After generating the text file as well as the .hdf5 container in the 1st step, in the 2nd step, we wrote a script that saves the 'colors' / normal image from the hdf5 as a PNG and then we use a 3rd script that draws the points onto the image in different colors according to their scheme and connects the points with white lines. For establishing patterns on which points to connect, we simply looked at how the points for each bbox are distributed and then implemented this into the script manually.

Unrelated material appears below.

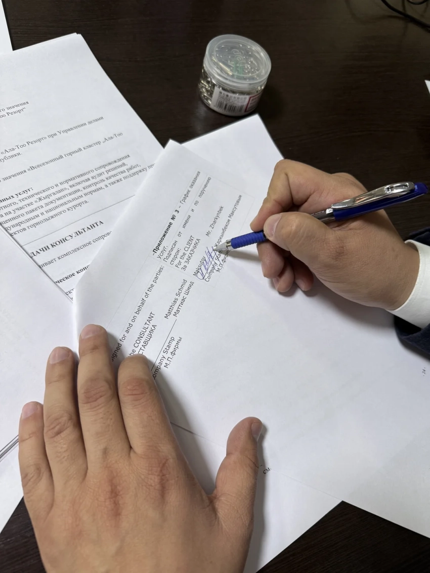 Директор «Ала-Тоо Резорт» Жаркынбек Максутов подписал соглашение с Маттиасом Шмидом, руководителем SkiMIS, обладающим более чем 20-летним опытом работы в сфере управления горнолыжными курортами в Альпах, Скандинавии, Новой Зеландии и Восточной Европе.

This works really well, as you can see in the picture below, where a tank's parts are segmented into multiple meshes.

Problem to solve Unfortunately, as you can see the current code exports the bounding boxes of all objects in the scene, even if they are hidden behind other objects from the camera's perspective. For our work, we need a way to filter out objects that are not visible from the rendered camera's perspective. For now, let's just assume that if at least 5 of the 8 vertices are visible to the camera, the object counts as visible.

Looking at our current code from above, the function is_point_inside_camera_frustum seems to only check if a point is located inside the camera's viewfield area, not if it is actually visible in the viewfield so that is not the way to go. We are looking for a way to filter out certain objects that do not meet the visibility criteria. I think we could do this via a threshold of how much bbox vertices should be visible in the viewfield like we tried in our code but using visible surface points for each mesh instead of the bbox vertices could also be an idea.

Are there any functionalities in Blenderproc that we could use for this?

P.S. : We could for sure share our code for drawing the bbox points and corners onto the image if you think that a 3D bounding box module might be something to implement in the future.